1001	   This section gives examples of bidirectional IRIs, in Bidi Notation.
1002	   It shows legal IRIs with the relationship between logical and visual
1003	   representation and explains how certain phenomena in this
1004	   relationship may look strange to somebody not familiar with
1005	   bidirectional behavior, but familiar to users of Arabic and Hebrew.
1006	   It also shows what happens if the restrictions given in Section 4.2
1007	   are not followed.  The examples below can be seen at [BidiEx], in
1008	   Arabic, Hebrew, and Bidi Notation variants.

1010	   To read the bidi text in the examples, read the visual representation
1011	   from left to right until you encounter a block of rtl text.  Read the
1012	   rtl block (including slashes and other special characters) from right
1013	   to left, then continue at the next unread ltr character.

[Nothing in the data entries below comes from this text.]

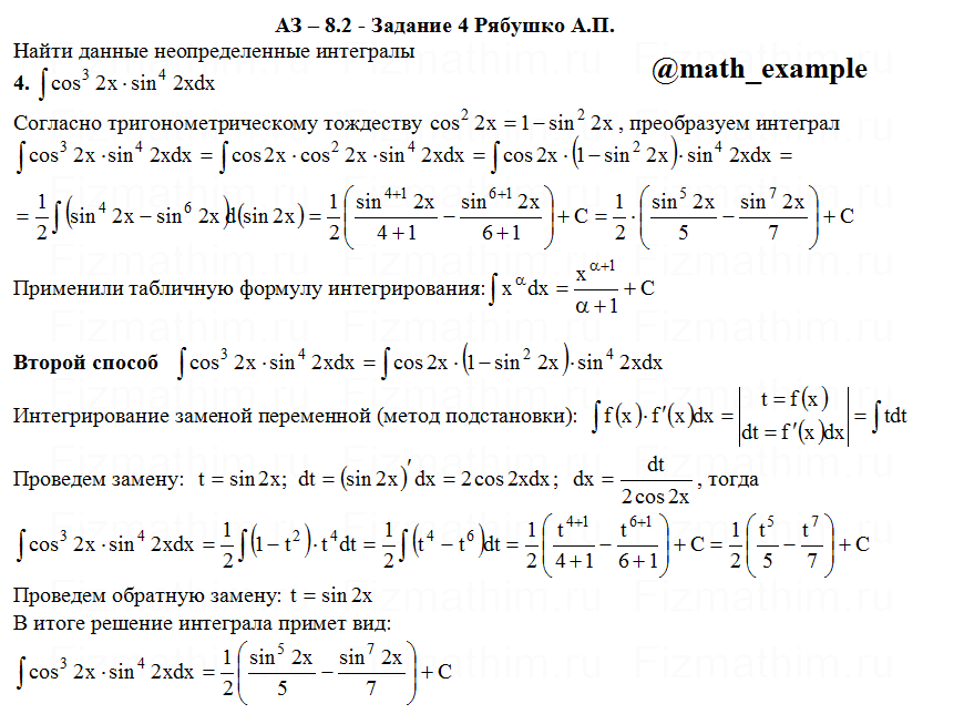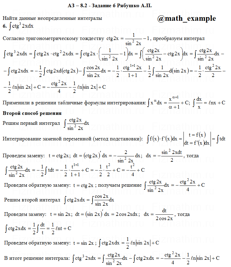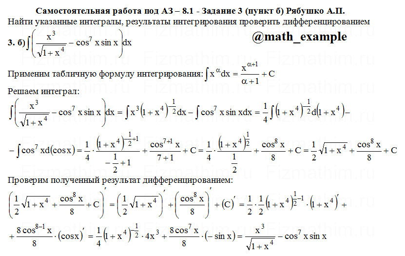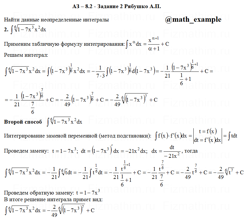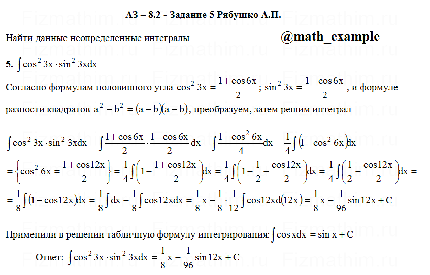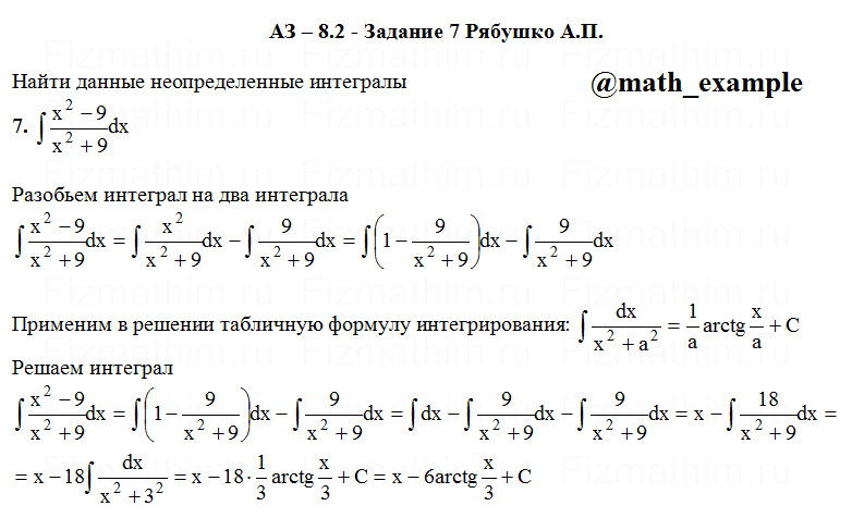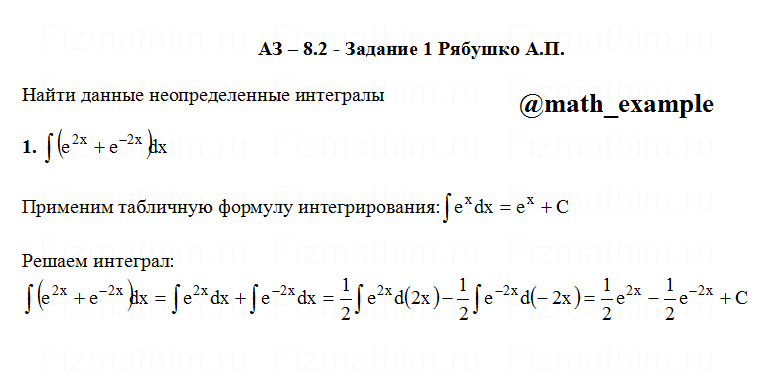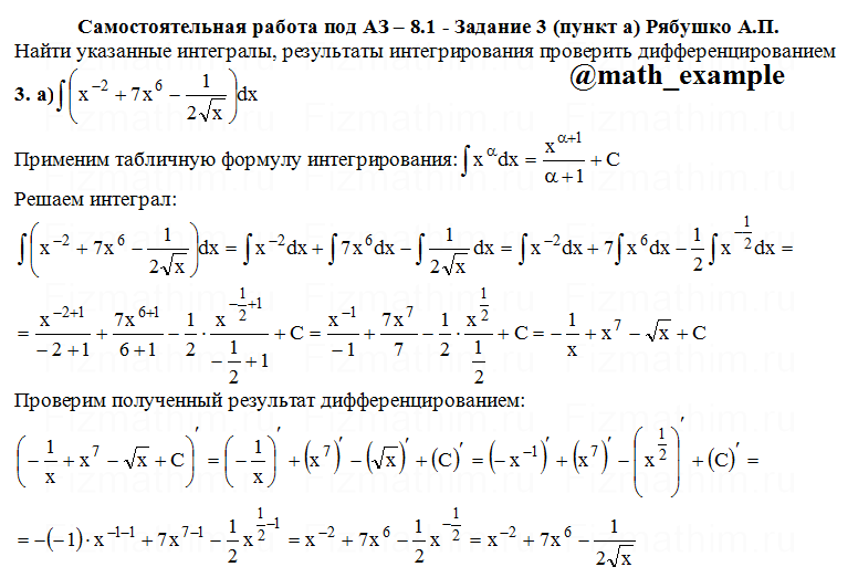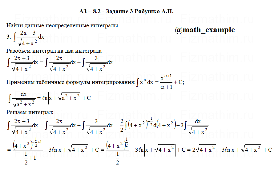 Решенные задания и примеры решений на тему неопределенные интегралы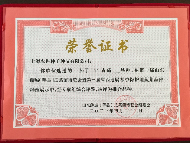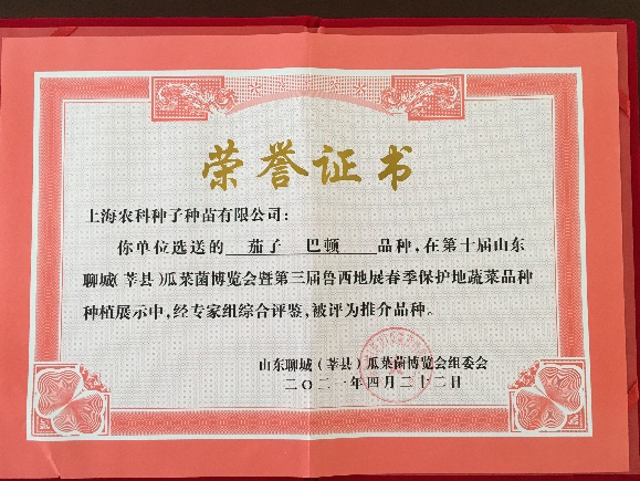 2021年第十届山东聊城(莘县)瓜菜菌博览会第三届鲁西地展园(莘县地展)征集参展单位212家,品种3106个;规模面积、品种数量在国内春季设施蔬菜地展中首屈一指。其中茄子课题组选送的新品种‘巴顿’、‘11青皮’获得专家推介品种。
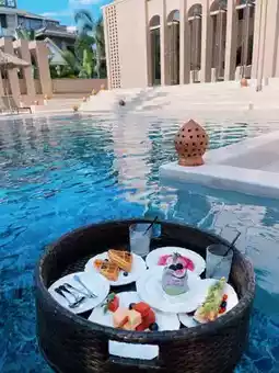 The pool water is very clean, and the rooms are very dry, which shows that the cleaning is done very well. The breakfast is also very good, with large floor-to-ceiling windows. It's so pleasant to eat breakfast while looking at the beautiful scenery. The whole room is very large, with a balcony and a bathtub, and the 1.2m bed is super comfortable to sleep on.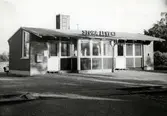 Vägstation G3, Vislanda. Stationsbyggnadens högra del med verkstad och kontor. Bensinpump (drivmedelspump) med personbil Saab, vid verkstaden liten lastbil (paketbil).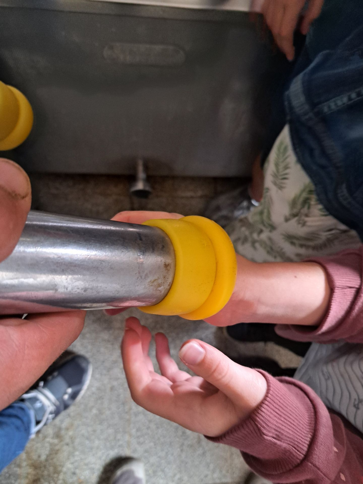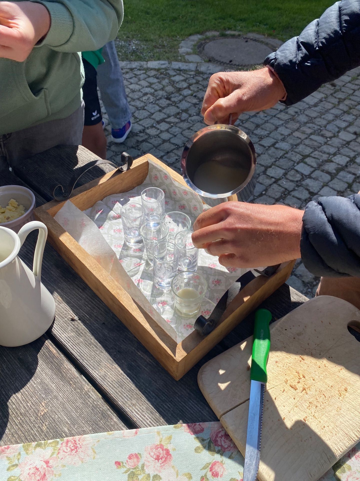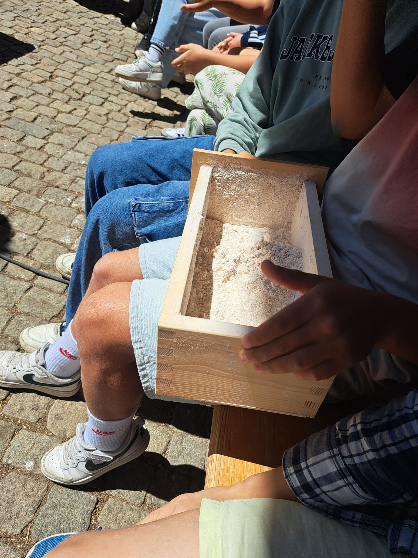 Im zweiten Teil übernahm Antonia und zeigte den Kindern unter anderem ihre Getreidemühle. Hier durften sie selbst miterleben, wie aus Dinkel frisches Mehl gemahlen wird. Beim Vergleich mit gekauftem Mehl wurde der Unterschied schnell klar – sowohl im Geruch als auch im Geschmack. Antonia hat für uns alle Vollkornsemmeln gebacken, die wir testen durften. "Das sind die besten Semmeln, die ich je gegessen habe.", lautete das Urteil eines Schülers. Zum Abschluss wurde aus Sahne noch Butter selbst geschüttelt und anschließend verkostet.

1015	   Example 1: A single component with rtl characters is inverted:
1016	   Logical representation: "http://ab.CDEFGH.ij/kl/mn/op.html"
1017	   Visual representation: "http://ab.HGFEDC.ij/kl/mn/op.html"
1018	   Components can be read one by one, and each component can be read in
1019	   its natural direction.

1021	   Example 2: More than one consecutive component with rtl characters is
1022	   inverted as a whole:
1023	   Logical representation: "http://ab.CDE.FGH/ij/kl/mn/op.html"
1024	   Visual representation: "http://ab.HGF.EDC/ij/kl/mn/op.html"
1025	   A sequence of rtl components is read rtl, in the same way as a
1026	   sequence of rtl words is read rtl in a bidi text.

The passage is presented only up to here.